Stored data:

● ● ● ● ● ● ●

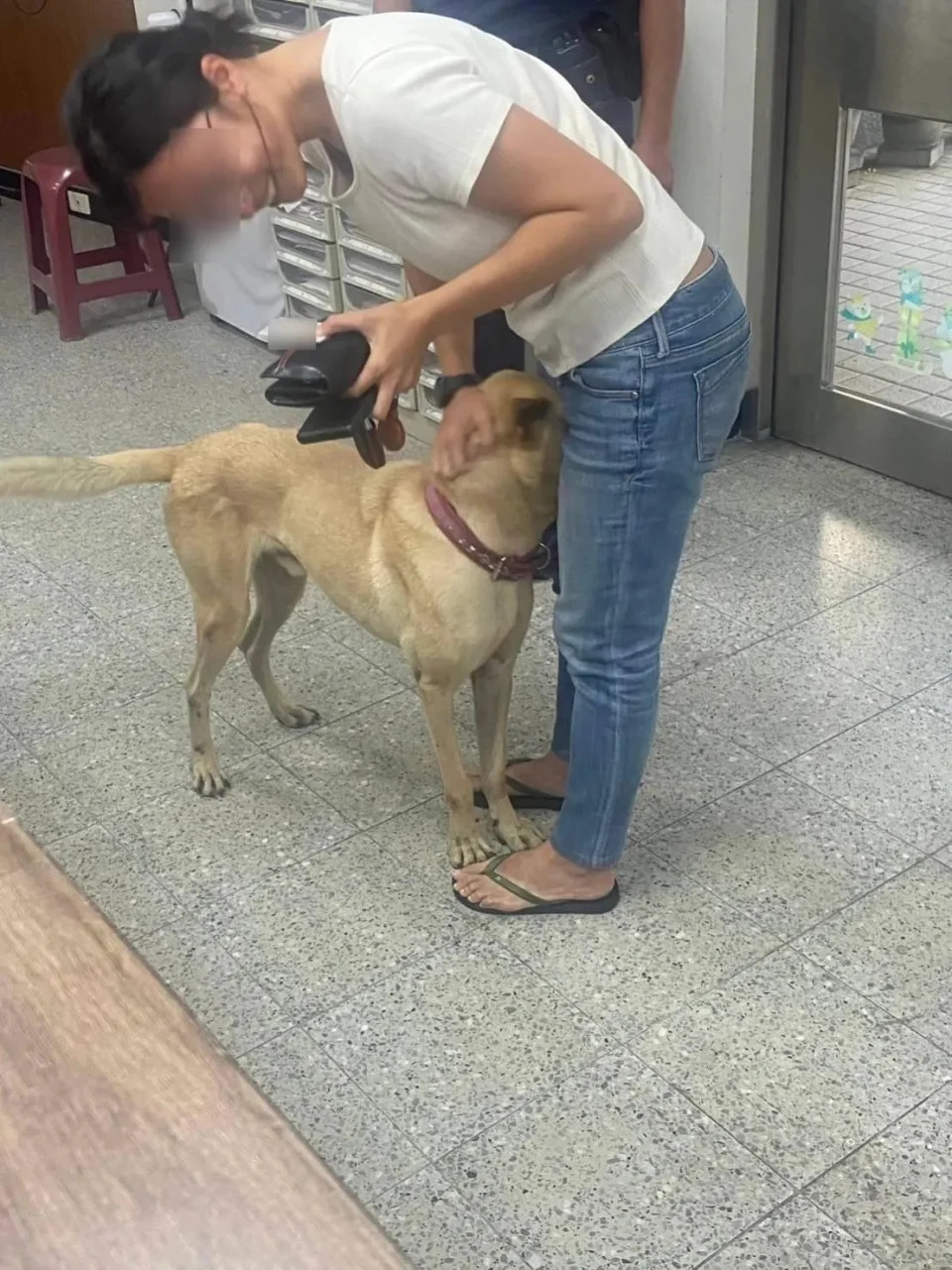 ▼老闆見狗狗佩戴項圈,應該是有人飼養的,於是報案希望警方協助尋找飼主。員警獲報趕往,研判可能是有人飼養的狗狗找不到回家的路,於是將狗狗帶到動物醫院掃描晶片,並透過晶片資料查詢到27歲林姓女飼主的聯絡電話,聯繫對方前來所內認領。
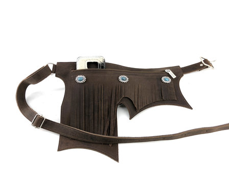 Koeienhuid/lederen heuptasje met verstelbare riem
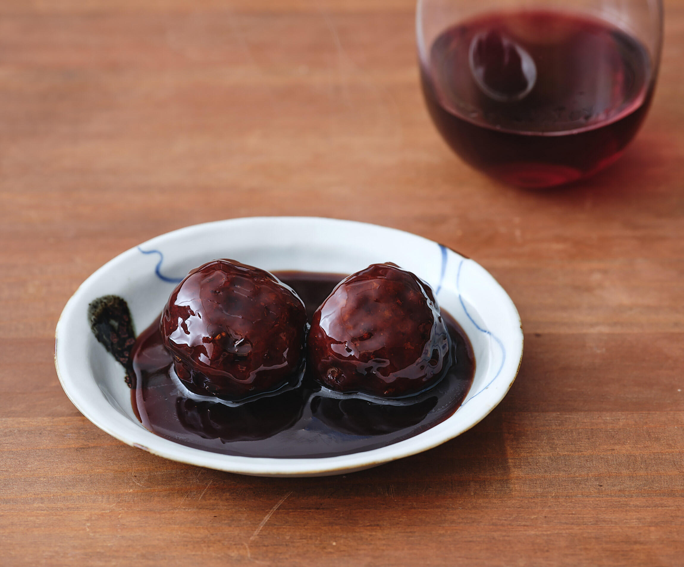 酸味のあるカラメル色のたれがとろりと肉だんごにからむ。表面はカリッと、中からは肉汁がジュワリ。赤ワインの酸味とコクが詰まったたれにはやっぱり赤ワインを合わせたい。
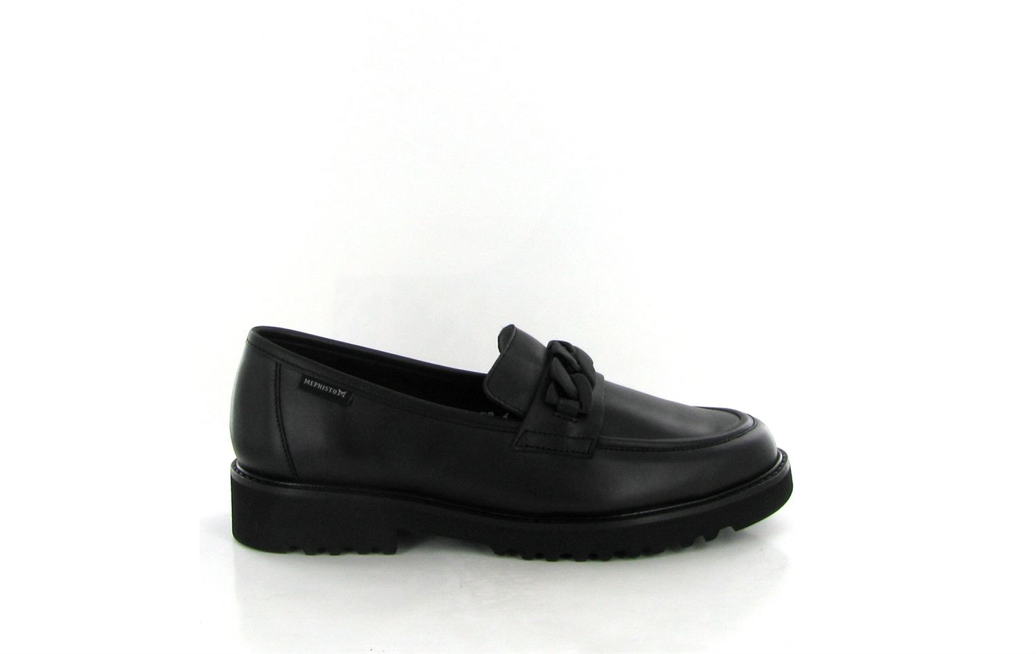 Votre Mephisto mocassin femme en cuir lisse noir.
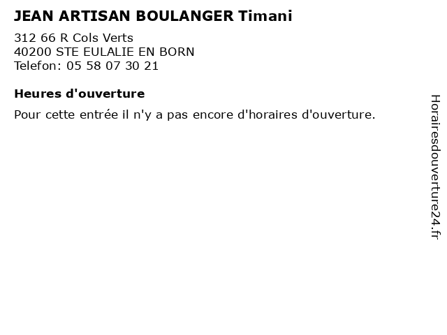 | Appeler JEAN ARTISAN BOULANGER Timani | |
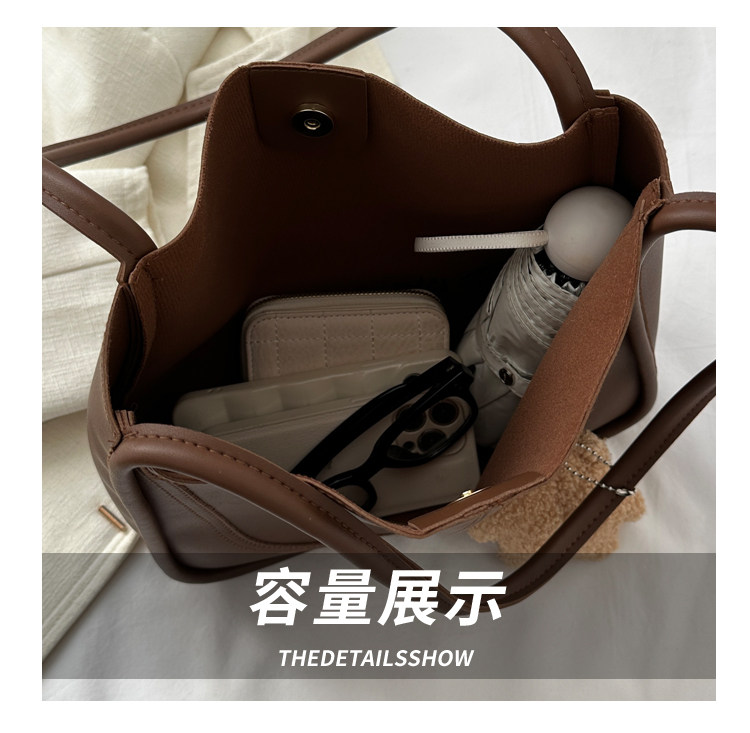 復古時尚包包女士2023新款大容量通勤水桶包高級感休閒百搭單肩包
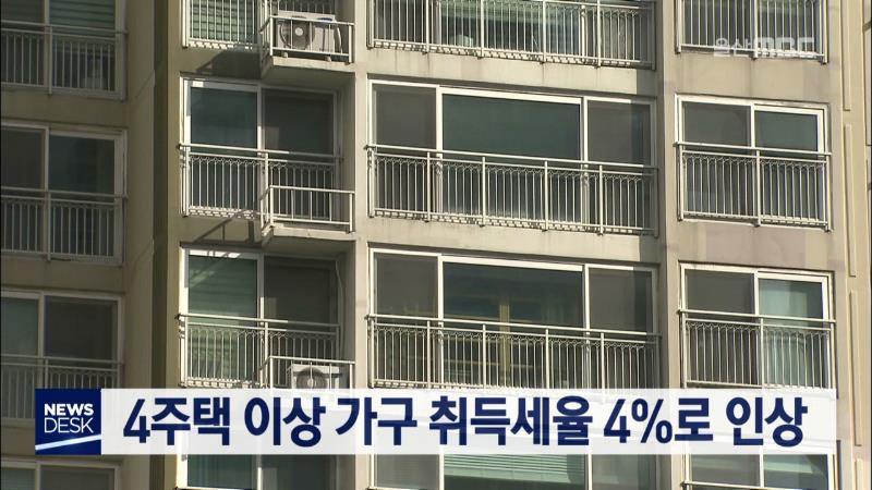 (경제)4주택 이상 가구 취득세율 4%로 인상
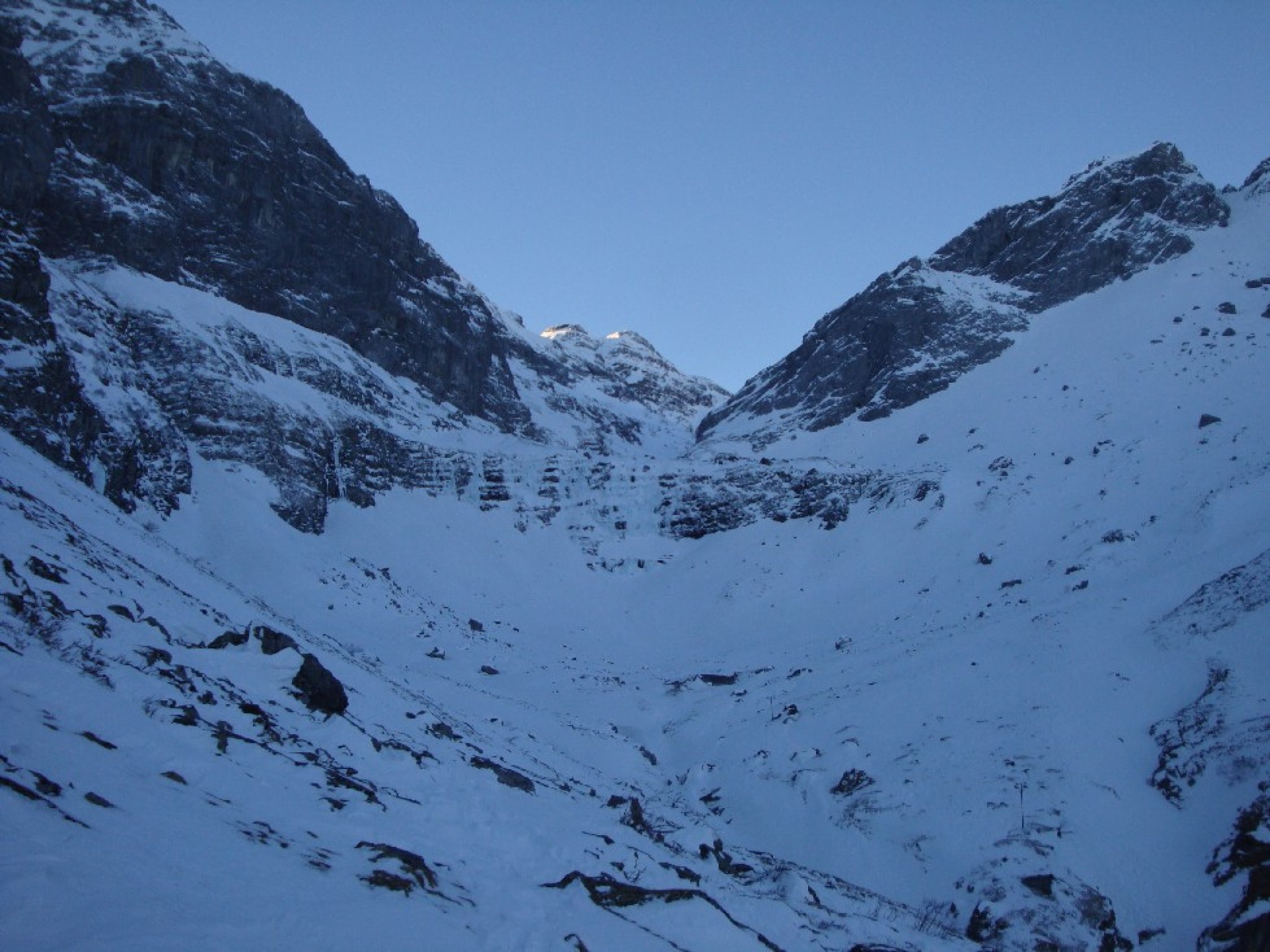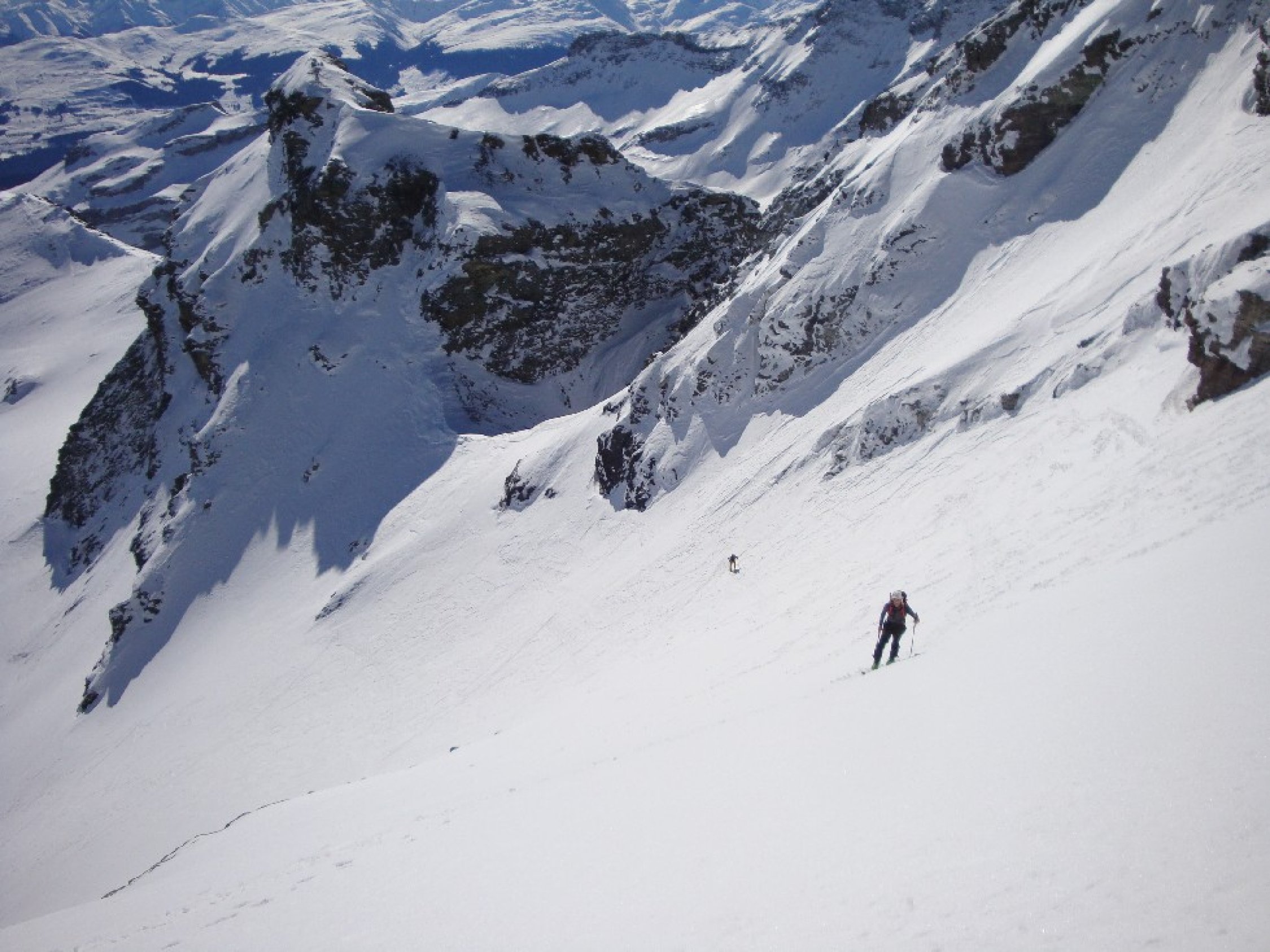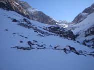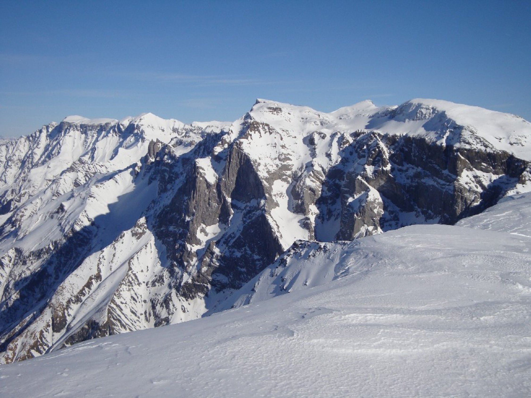 Start in Wichlen um 7Uhr bei -5°C. Aufstieg über Oberstafel bis zum Häxensee sehr hart. Harsteisen leisteten gute Dienste! Danach angenehm bis zum Panixerpass. Endlich eine Pause in der Sonne. Weiter gegen den Hausstock nun in der Sonne und es wurde immer wärmer je höher wir stiegen. Die lange steile Gipfelflanke ging recht gut. Am Schluss 20Hm Skitragen und dann wieder mit den Skiern bis auf den Gipfel. Hier Mittagspause und das Rundumpanorama mit Sonne satt und keine Wolke weit und breit genossen. Abfahrt direkt vom Gipfel zur zeit gut machbar. Mehr der weniger tragender Deckel von oben bis unten, mit teilweise wenig Powder obe drauf, aber wirklich nur wenig. Fahrt bis etwa 2550m. Nun erneut Felle montiert und schweisstreibend auf das Horen (Ost) gestiegen. Der oberste Teil von der Gipfelabfahrt übel hart und mit Steinen gespickt. Danach Sorbepulver bis zum Häxensee hinunter. Der Rest der Abfahrt war dann leider nur noch zum vergessen. 20Km Rundtour mit 2100Hm bei Kaiserwetter hat sich so oder so gelohnt!

● ● ● ● ● ● ●

# INSTRUCTIONS FOR THE TASK
Reproduce the records above exactly, but only from the line with "BOULANGER Timani | |" up to and including the line with "(경제)4주택 이상 가구 취득세율 4%로 인상". Leave the pictures out.

# TASK SOLUTION
 | Appeler JEAN ARTISAN BOULANGER Timani | |
 復古時尚包包女士2023新款大容量通勤水桶包高級感休閒百搭單肩包
 (경제)4주택 이상 가구 취득세율 4%로 인상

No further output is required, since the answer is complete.